Кто-то толкнул Марину в спину с такой силой, что она не удержалась на ногах и рухнула ничком. Но ее тотчас перевернули несколько грубых рук, принялись рвать шинель, гимнастерку, брюки. Стиснув зубы, она дралась, как медведица, рыча, царапаясь, чувствуя, что скорей умрет, чем... Да, она скоро умрет, потому что силы тают, иссякают...
Ударили прикладом по голове; руки сразу ослабели. Теперь она вяло возилась, а не сопротивлялась. Тяжелое тело взгромоздилось сверху, потные пальцы зашарили по горлу, давя ее последний жалкий стон.
– Пре-кра-тить! Именем революции! Прекратить самосуд! За насилие – расстрел!

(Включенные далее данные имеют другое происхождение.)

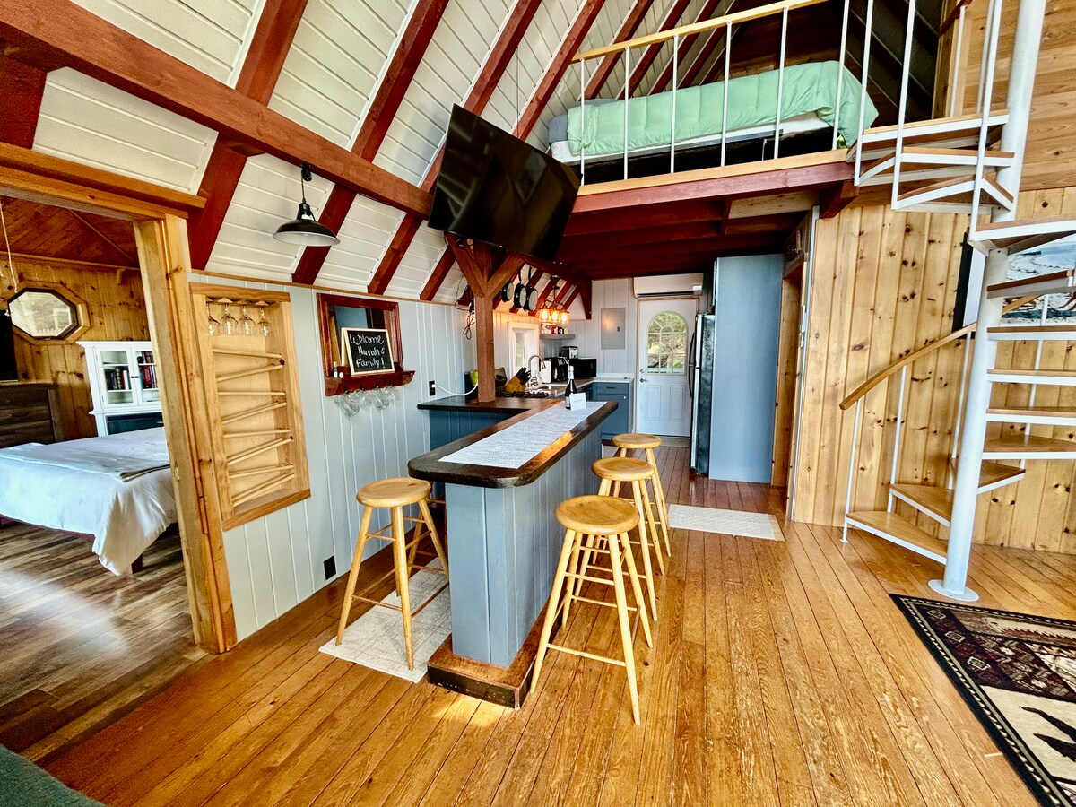 O Lozier's Lookout é um acolhedor chalé de dois quartos à beira do lago no belo Lago Millinocket. Perfeito tanto para aventura como para relaxamento, os hóspedes podem desfrutar de caminhadas, ciclismo, ATV e refeições locais nas proximidades, ou ficar perto de casa a lançar uma linha no cais, nadar no lago, remar nos caiaques ou canoas fornecidos e reunir-se em torno da fogueira para comer s'mores. Com o charme de uma cabana clássica e o conforto de casa, The Lookout oferece um retiro acolhedor em todas as estações.
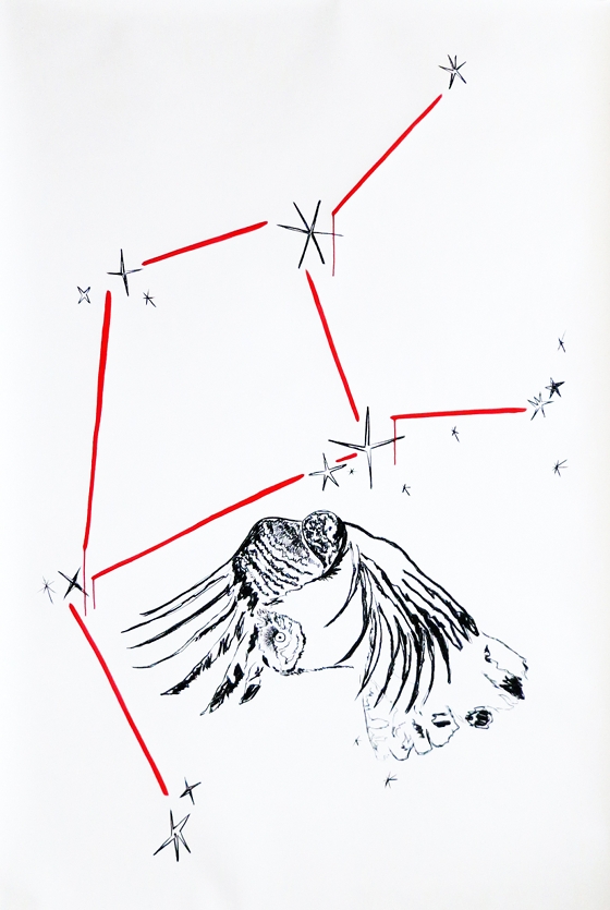 Delphine Gigoux-Martin, combat de la chouette et du Ara, 2013
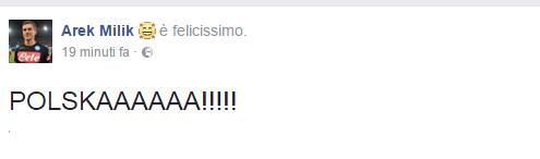 L’attaccante del Napoli, infatti, sul suo profilo Facebook, ha postato un messaggio breve ma che dice tutto: “Polskaaaa”.
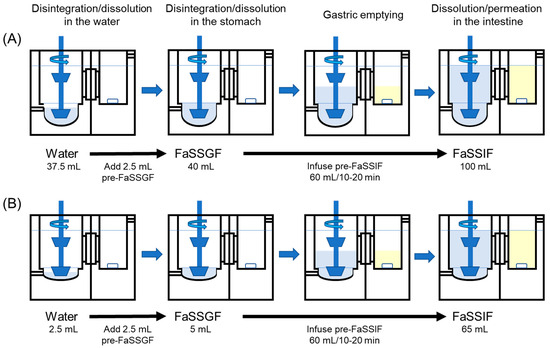 Before conducting in vivo BE studies in healthy volunteers, the drug dissolutions from the formulations are evaluated by an in vitro compendial dissolution apparatus to confirm their characteristics. Those compendial dissolution methodologies conducted with fixed conditions in terms of pH, volumes, and fluid components are useful for the quality assurance of drug products. However, because they do not reflect dynamic gastrointestinal (GI) processes, such as the transit of the dissolved drugs or formulations and the fluid shift from the stomach to the small intestine, and bile acid secretion into the small intestine, the in vivo performance of the drug formulations with pH-dependent dissolution may not be evaluated precisely. Weakly basic drugs often supersaturate in neutral pH after the fluid shift from acidic conditions, and bile acids in the small intestine significantly promote drug dissolution. In addition, the excipients in the formulation often affect the behavior of supersaturation and dissolution of the drugs. To overcome these limitations, biorelevant dissolution methodologies—such as a two-stage, single-compartment model [3,4,5,6]; a transfer model [7,8]; a gastrointestinal simulator [9,10,11,12,13,14,15,16,17]; and an artificial stomach–duodenum model [18,19]—have been developed. Except for a single-compartment model, these models have two or three compartments representing the dynamic physiological changes from the stomach to the small intestine. Pumps are used to transfer fluids between the compartments. They have successfully simulated the performance of formulations in the GI tract, but suffer from complex setups and low system throughput. In our previous study, we developed an in vitro bioequivalence checking system (BE Checker), which reproduces the fluid shift from the stomach to the small intestine by simply adding concentrated simulated intestinal fluid into the simulated gastric fluid in a single chamber [20]. In addition, the membrane permeation of the dissolved drugs through the hydrophilic filter to the receiver chamber filled with octanol can be evaluated simultaneously. We have applied the BE Checker to assess the formulation performance of oral drug products and demonstrated that it enabled the assessment of drug dissolution and permeation profiles from the formulations under various GI conditions by changing the pH, fluid composition, infusion rate, and stirring rate, reflecting those in healthy and special populations. An approved naftopidil CT and ODT (Flivas®) were used as standard drug products, and the experimental conditions for the administration with a glass of water were optimized. In the case of Flivas® ODT, disintegration in the administered water was necessary to avoid the dissolution delay by forming a gel-like layer on the surface of the ODTs when they were administered directly into the acidic simulated gastric fluid.
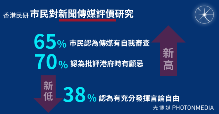 香港民研|65%巿民認為傳媒有自我審查 70%認為「批評港府時有顧忌」 創1997以來新高
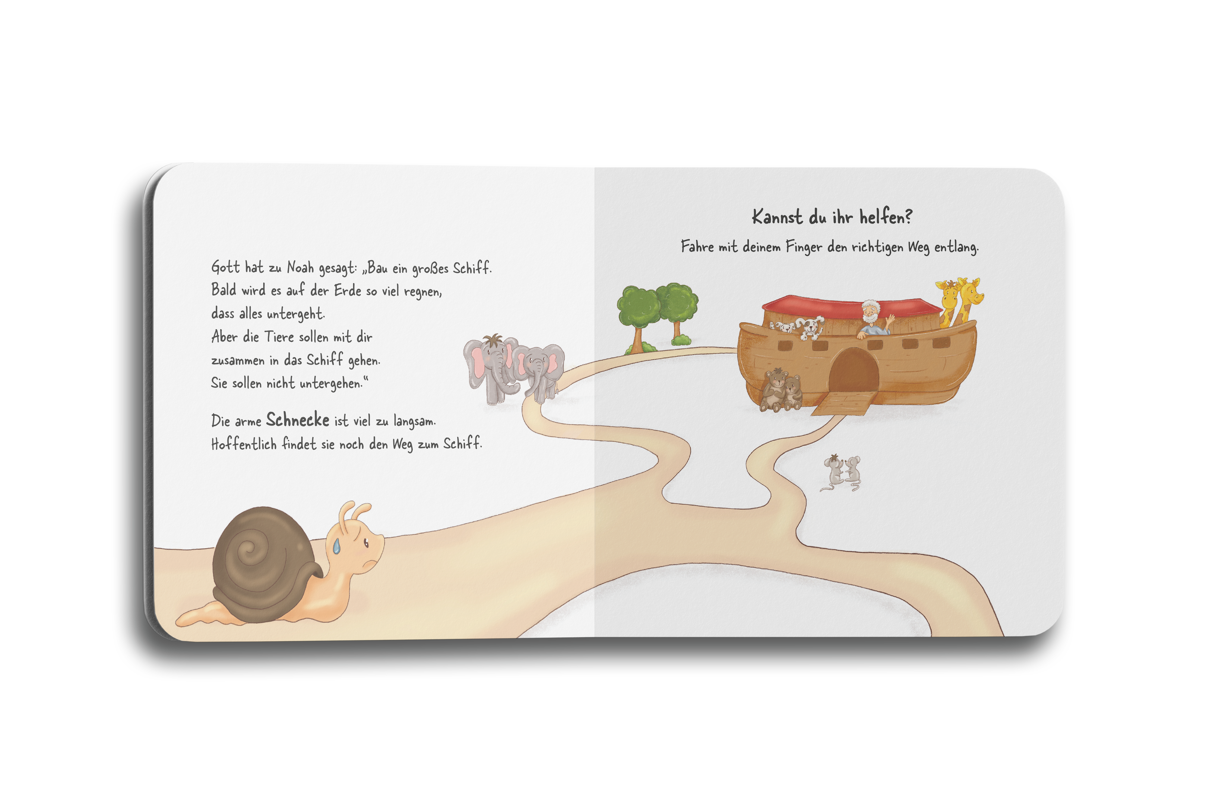 Mit diesem wunderschön illustrierten Bilderbuch entdecken Kinder ab 2 Jahren erste Bibelgeschichten. Und das Schöne: sie können selbst mitmachen mit schütteln, drehen, klopfen, rufen oder streicheln. In den 15 Geschichten lernen sie unter anderem Adam und Eva, Noah, Josef, David, Jesus, den barmherzigen Samariter und den guten Hirten kennen und erleben, dass Jesus alle Kinder lieb hat.

Тяжелое тело вздернулось с Марины, и она смогла вздохнуть.
– Я комиссар Реввоенсовета Юрский! Эти женщины арестованы, они будут судимы революционным судом! Я подчеркиваю – судом! Никакого беззакония мы не допустим! А сейчас – очистить помещение! Их будут охранять и конвоировать солдаты.
Конечно, это был бред. Этого не могло быть на самом деле!

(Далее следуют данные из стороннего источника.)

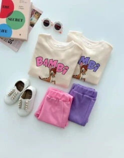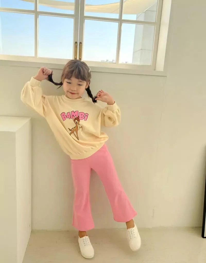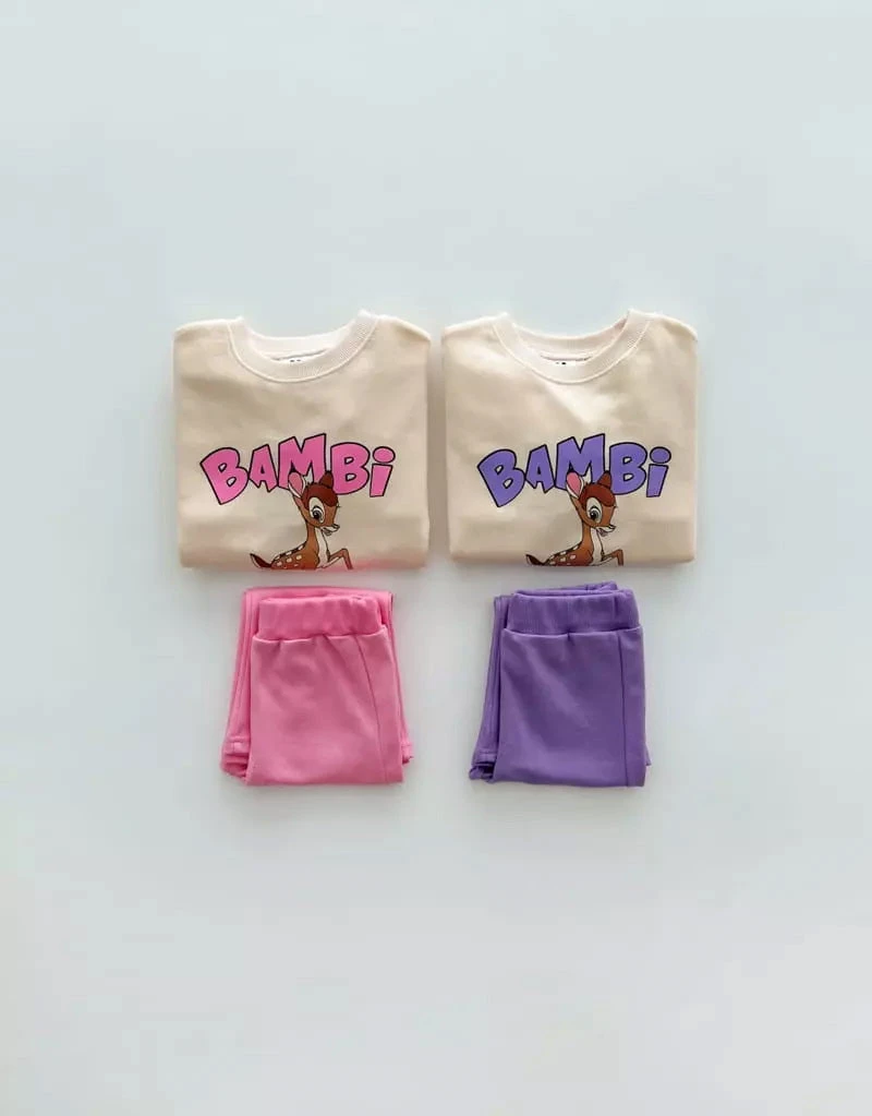 A cozy lightweight crewneck featuring Bambi and matching cropped flared pants for a complete look.

Затянутый в черный кожаный реглан, взлохмаченный, с короткой бородкой, обливающей впалые щеки, с мрачным взглядом провалившихся серых глаз, которые от злости и усталости казались черными, в дверях со вскинутой рукой стоял Андрей Туманский... призрак, возникший из давно, давно минувших и забытых дней, от которых Марина отвернулась, отреклась всей душой, всем существом своим.
Нет, это не он, это какой-то комиссар Юрский!
Человек в черном реглане брезгливо поглядел на женщин, которые с трудом, со слезами, униженно поднимались с полу.
– Они будут судимы революционным судом! – повторил и переступил через Марину, которая не могла найти сил подняться. Переступил, как через труп.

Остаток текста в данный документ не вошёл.